# Talbot headlights stolen



## stendec (Jan 26, 2007)

At sometime this morning both headlights were stolen from my Autohomes Landliner motorhome, 1992 Talbot Express based. It was parked on my drive, locked and the gates were closed. The thief obviously knew what he was doing as the radiator grill, indicator lights and screws were lying on the ground. Just the headlights and a piece of trim from the top of the grill are missing. Does anyone know where I can get replacement headlights, I understand they are difficult to obtain?
Only got it's new MOT two weeks ago.
Stendec


----------



## Chausson (Oct 17, 2006)

Hi
There are some on ebay for sale today.


----------



## moblee (Dec 31, 2006)

Sorry to hear that stendec,I had Headlights stole of my Renault espace once :!:

*Very* Annoying.

This people may be able to help......www.delfindesigns.co.uk/


----------



## stendec (Jan 26, 2007)

*Talbot Express headlights stolen*

Thanks Ron and Phil. Checking the ones on Ebay, £75 to £100 each. Wondering how to secure the new ones to stop them getting stolen.
Sadly Delfin don't seem to stock them.
Not sure how they're held in place. Are there springs holding them?
Stendec


----------



## duxdeluxe (Sep 2, 2007)

Chausson said:


> Hi
> There are some on ebay for sale today.


Are you sure that these aren't yours? If they are difficult to obtain then they have a value on ebay and whoever took them knew what they were doing (unlike a lot of car thieving scrotes).
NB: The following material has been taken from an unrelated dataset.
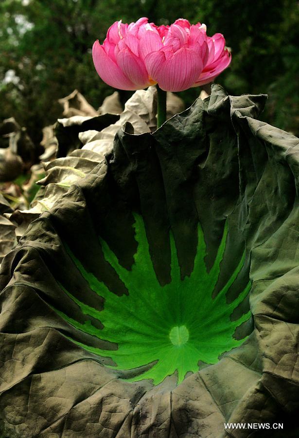 A lotus flower is in full bloom at the Lotus Park in Luoyang, central China's Henan Province, July 12, 2014. (Xinhua/Wang Song)

not saying that the ones on ebay are stolen - just a thought; it is a possibility


----------



## moblee (Dec 31, 2006)

Sorry mate, I thought they would of stocked *All* things Talbot.
As for fixing I can't really help you,but I bet your worried it will happen again !!


----------



## TR5 (Jun 6, 2007)

Best advice would be to purchase an etching kit, and have your chassis number etched into the lens.

You could then do all the glass and plastic windows as well for security.
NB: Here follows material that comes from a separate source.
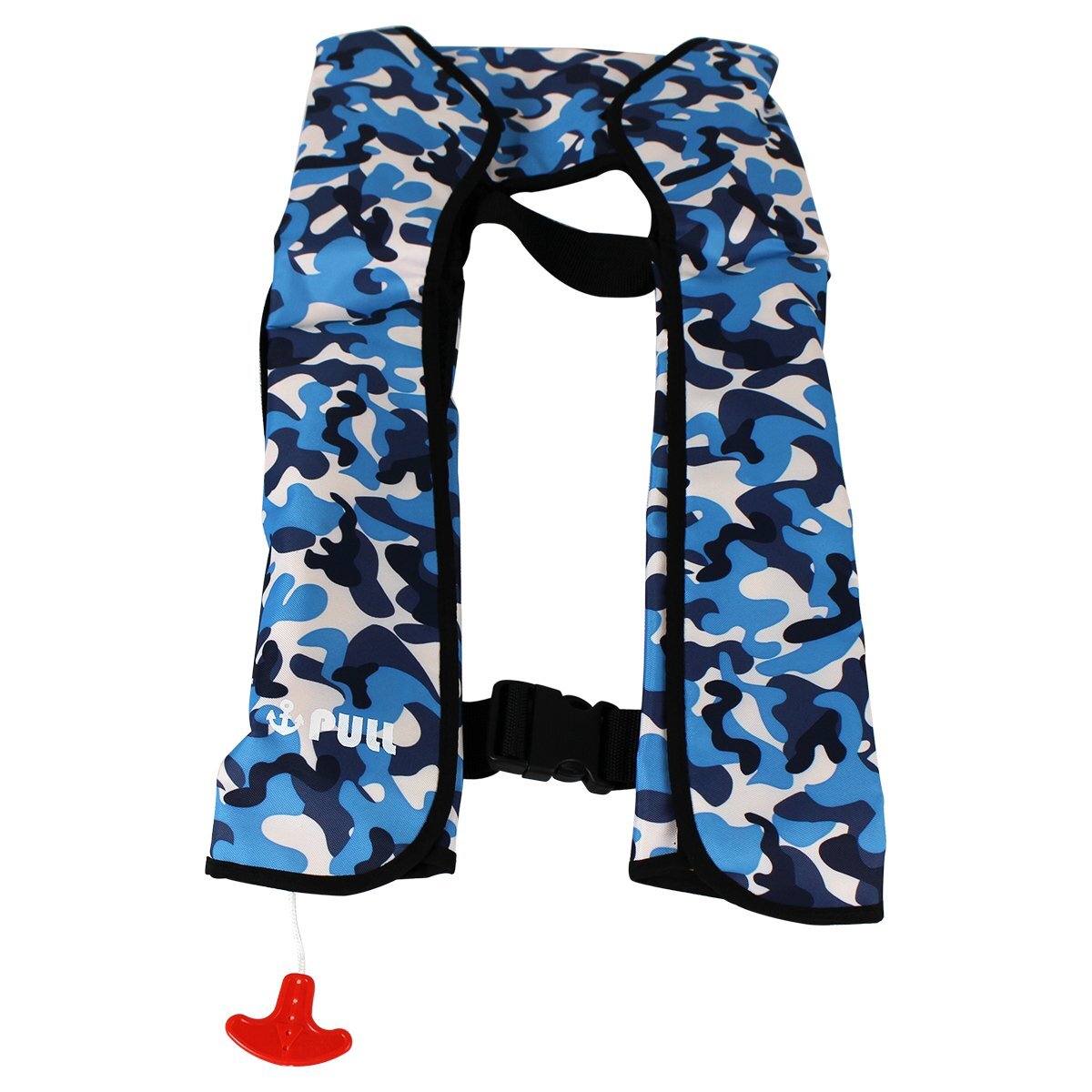 - 大人気!オリジナルデザイン! ライフジャケット 自動膨張式 肩掛け ベストタイプ 迷彩 ブルー ※男女兼用! フリーサイズ 釣り 船 ボート

At least they would then be worthless to a potential thief intending to sell them!


----------



## vardy (Sep 1, 2006)

They stopped making replacements for a while over past couple of years (can't remember where I read this)
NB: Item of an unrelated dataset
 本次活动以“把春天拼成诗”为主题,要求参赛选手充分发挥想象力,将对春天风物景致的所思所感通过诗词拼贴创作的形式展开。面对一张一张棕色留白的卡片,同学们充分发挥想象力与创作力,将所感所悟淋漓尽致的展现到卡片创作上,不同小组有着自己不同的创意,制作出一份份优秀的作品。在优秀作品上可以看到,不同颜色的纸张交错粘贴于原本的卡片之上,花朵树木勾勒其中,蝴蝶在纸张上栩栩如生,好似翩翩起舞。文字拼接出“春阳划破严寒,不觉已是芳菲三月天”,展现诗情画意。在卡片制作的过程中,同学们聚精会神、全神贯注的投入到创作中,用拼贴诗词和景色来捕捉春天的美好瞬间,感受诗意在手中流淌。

However, it also said they would start up again. Vague idea that the name www.no1gear.com came up too.

Glue the bu**ers in!


----------



## Garber (Aug 17, 2010)

*Talbot express headlights*

I know I'm late with this post and I'm sure lots of people already know that old Leyand 45 headlights are the same as fitted to talbot express vans
the part numbers are:

AELBO15- L H HEADLIGHT

AELBO16 - R H HEADLIGHT

hope this helps


----------